:: Task ::
Strip the pictures and reproduce the rest of the listing exactly.

:: Provided records ::
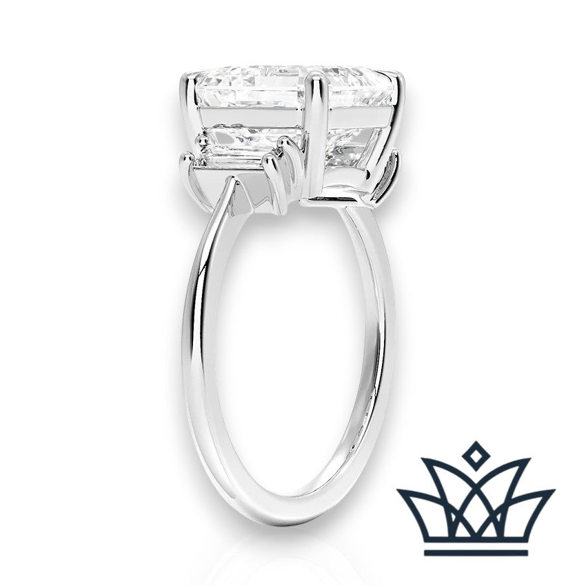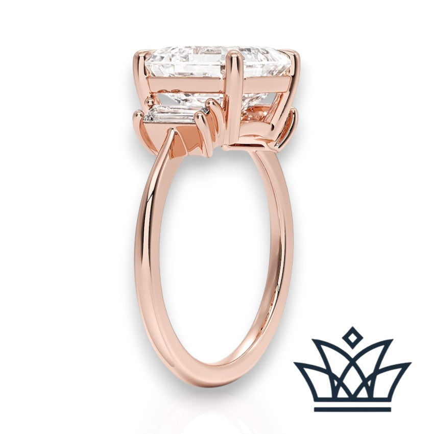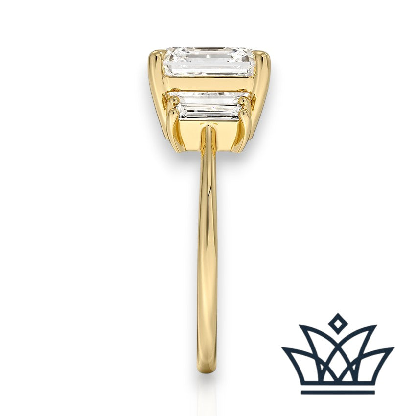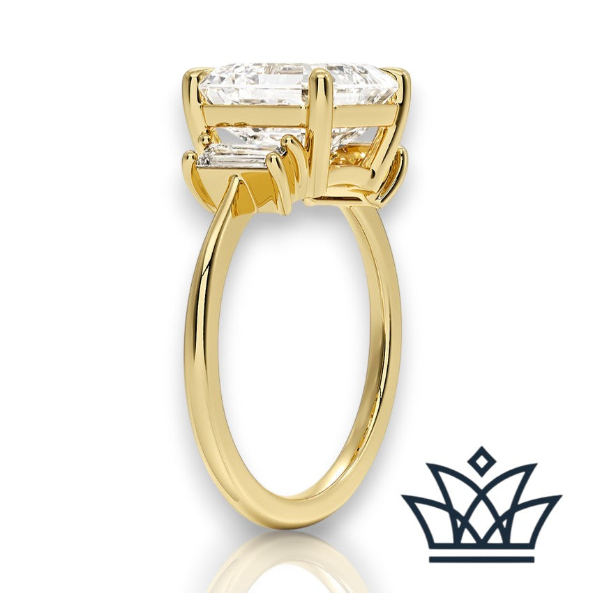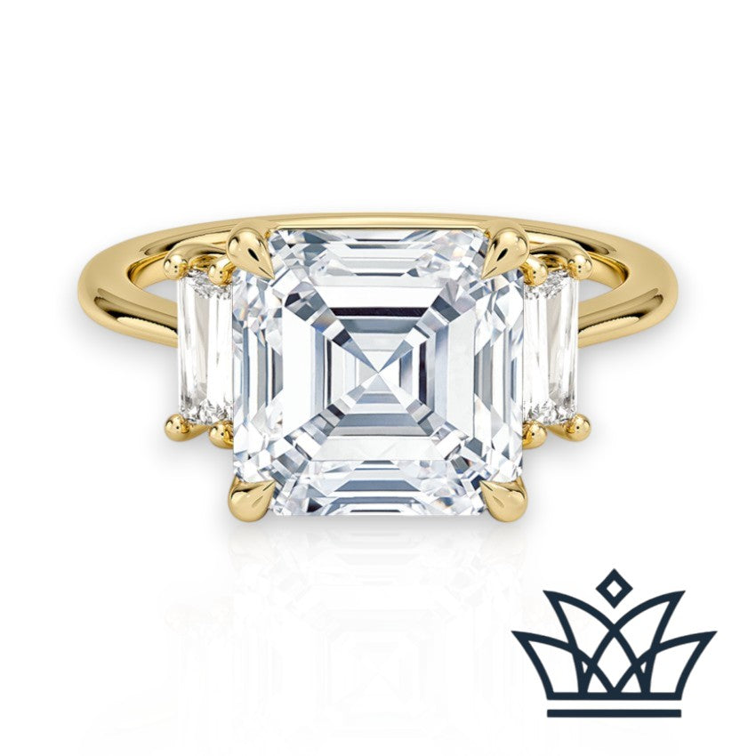 Experience the allure of the Asscher cut with this breathtaking 18k gold ring. Featuring a magnificent 5-carat Asscher-cut diamond at its heart, this piece is accentuated by two 0.5-carat baguette diamonds on either side. The combination of the unique cut and the rich gold band creates a piece of timeless elegance and sophistication.
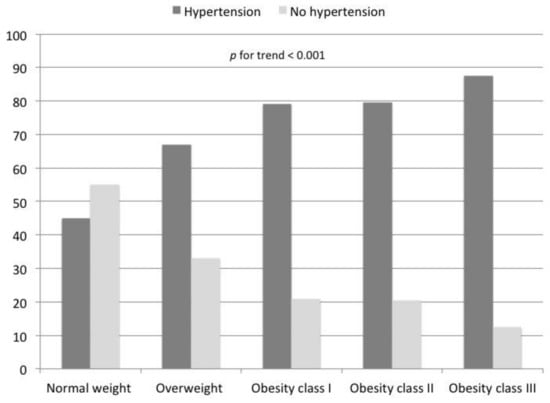 According to the BMI cutoffs recommended by the WHO, overweight status was observed among 2896 (38%) participants; the obesity status was identified in 1135 participants (15%), with 893 (11.8%) participants in class I, 186 (2.5%) in class II, and 56 (0.7%) in class III. As shown in Figure 2, the prevalence of hypertension significantly increased with the increase in BMI. Among participants with a normal BMI, the prevalence of hypertension was 45% compared to 67% among overweight participants, 79% in obesity class I and II, and up to 87% among participants with obesity class III (p for trend < 0.001).
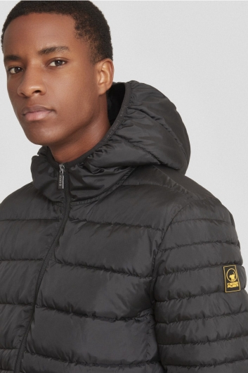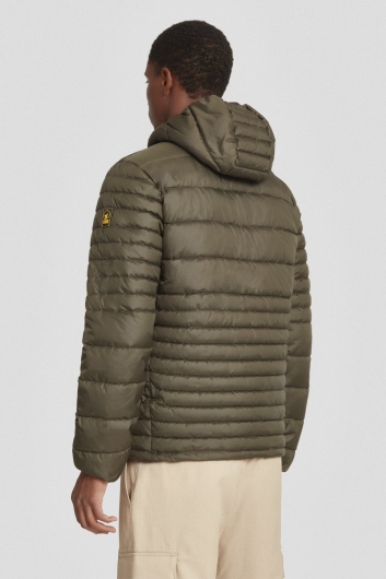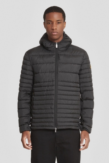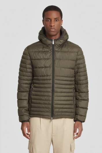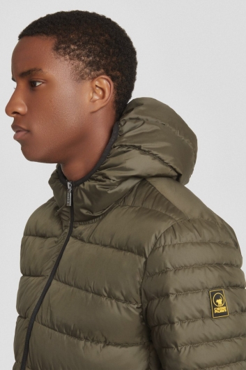 Piumino trapuntato con cappuccio fisso e materiali riciclati per un approccio sostenibile.
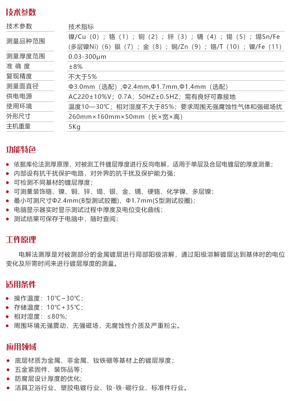 l 儀器的設計規定測量的鍍種必須是各種純金屬鍍層;
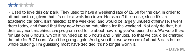 The most unnecessarily complicated ticketing system I have ever seen for a car park. Designed to fail so that the system can fine you. Beware, better avoided for overseas visitors.
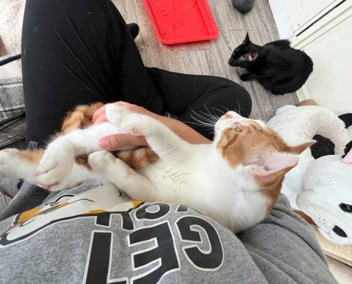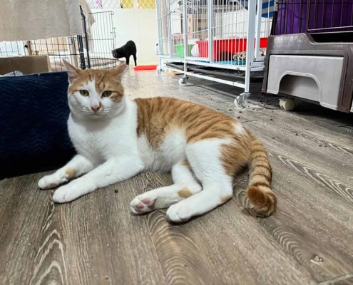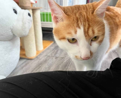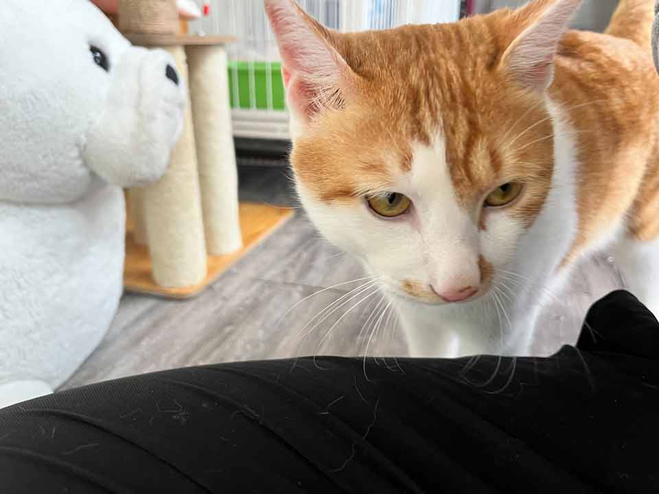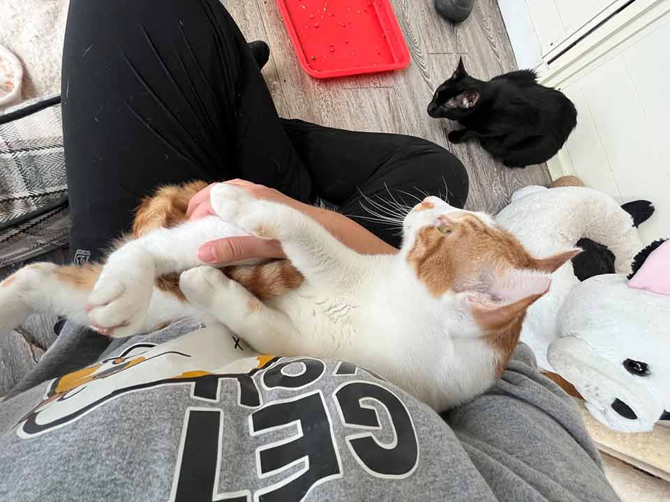 特別喜好習慣:聽到有人呼喊牠的名字時會開心的跑過去撒嬌,而且隨便怎麼撸都不太會反抗反而還會發出舒服的呼嚕聲,更重要的是剪指甲時不會掙扎,非常適合養貓新手的天使貓貓!但即便家裡已經有貓也不用太擔心,柿子在館內跟其他貓咪們也都相處得很融洽呦~
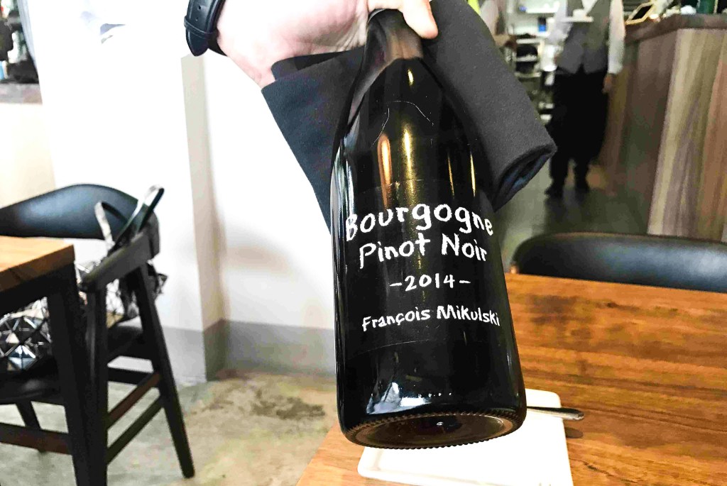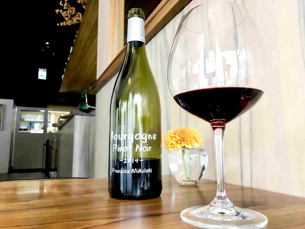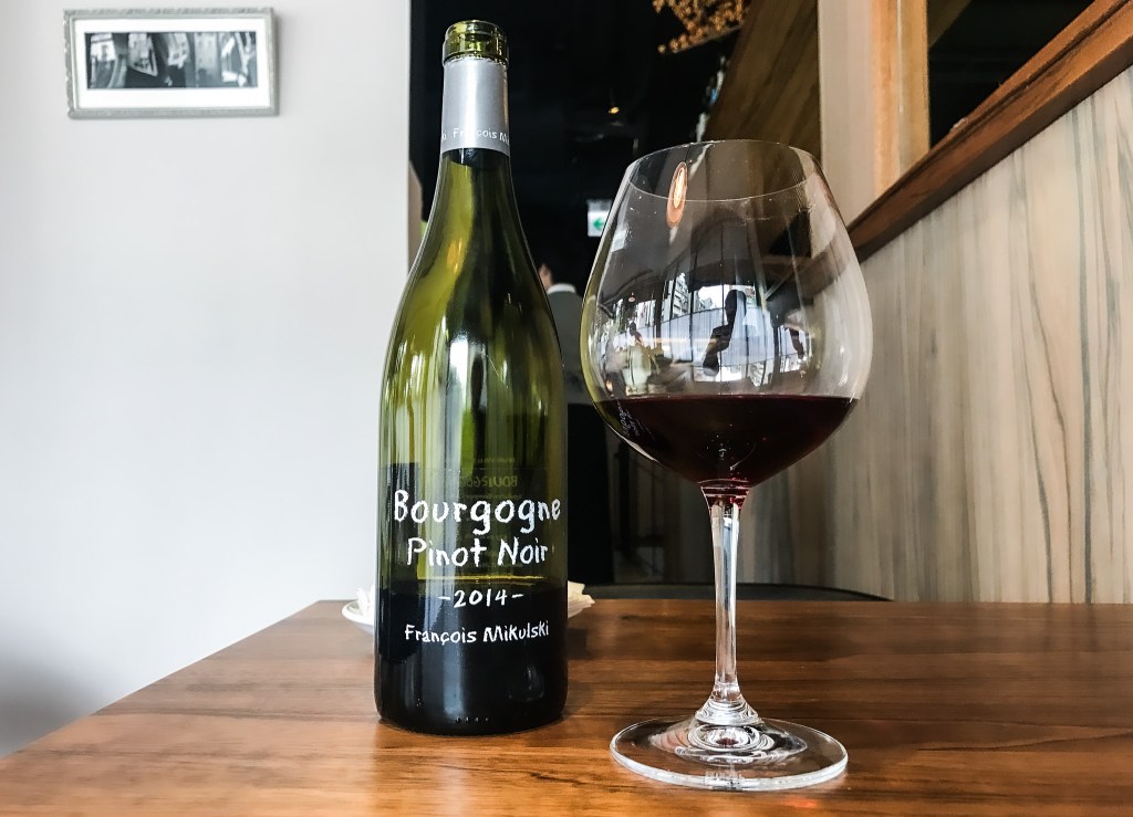 今天就不開自己帶的葡萄酒,我在餐廳裡選擇了一支高貴不貴卻很有魔力的布根地葡萄酒Francois Mikulski Bourgogne Pinot Noir 2014(產地:France 產區:Burgundy, Meursault 葡萄品種:100% Pinot Noir)。
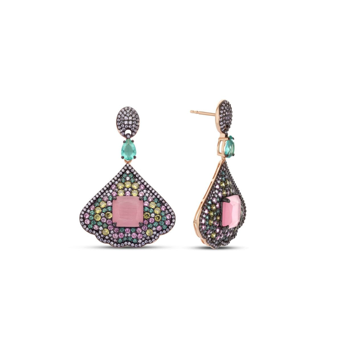 Cercei argintiu placati cu aur roz in forma de evantai cu cristal roz laptos si zirconii verzi, roz, mov si galben placat cu ruteniu.

:: Task output ::
 Experience the allure of the Asscher cut with this breathtaking 18k gold ring. Featuring a magnificent 5-carat Asscher-cut diamond at its heart, this piece is accentuated by two 0.5-carat baguette diamonds on either side. The combination of the unique cut and the rich gold band creates a piece of timeless elegance and sophistication.
 According to the BMI cutoffs recommended by the WHO, overweight status was observed among 2896 (38%) participants; the obesity status was identified in 1135 participants (15%), with 893 (11.8%) participants in class I, 186 (2.5%) in class II, and 56 (0.7%) in class III. As shown in Figure 2, the prevalence of hypertension significantly increased with the increase in BMI. Among participants with a normal BMI, the prevalence of hypertension was 45% compared to 67% among overweight participants, 79% in obesity class I and II, and up to 87% among participants with obesity class III (p for trend < 0.001).
 Piumino trapuntato con cappuccio fisso e materiali riciclati per un approccio sostenibile.
 l 儀器的設計規定測量的鍍種必須是各種純金屬鍍層;
 The most unnecessarily complicated ticketing system I have ever seen for a car park. Designed to fail so that the system can fine you. Beware, better avoided for overseas visitors.
 特別喜好習慣:聽到有人呼喊牠的名字時會開心的跑過去撒嬌,而且隨便怎麼撸都不太會反抗反而還會發出舒服的呼嚕聲,更重要的是剪指甲時不會掙扎,非常適合養貓新手的天使貓貓!但即便家裡已經有貓也不用太擔心,柿子在館內跟其他貓咪們也都相處得很融洽呦~
 今天就不開自己帶的葡萄酒,我在餐廳裡選擇了一支高貴不貴卻很有魔力的布根地葡萄酒Francois Mikulski Bourgogne Pinot Noir 2014(產地:France 產區:Burgundy, Meursault 葡萄品種:100% Pinot Noir)。
 Cercei argintiu placati cu aur roz in forma de evantai cu cristal roz laptos si zirconii verzi, roz, mov si galben placat cu ruteniu.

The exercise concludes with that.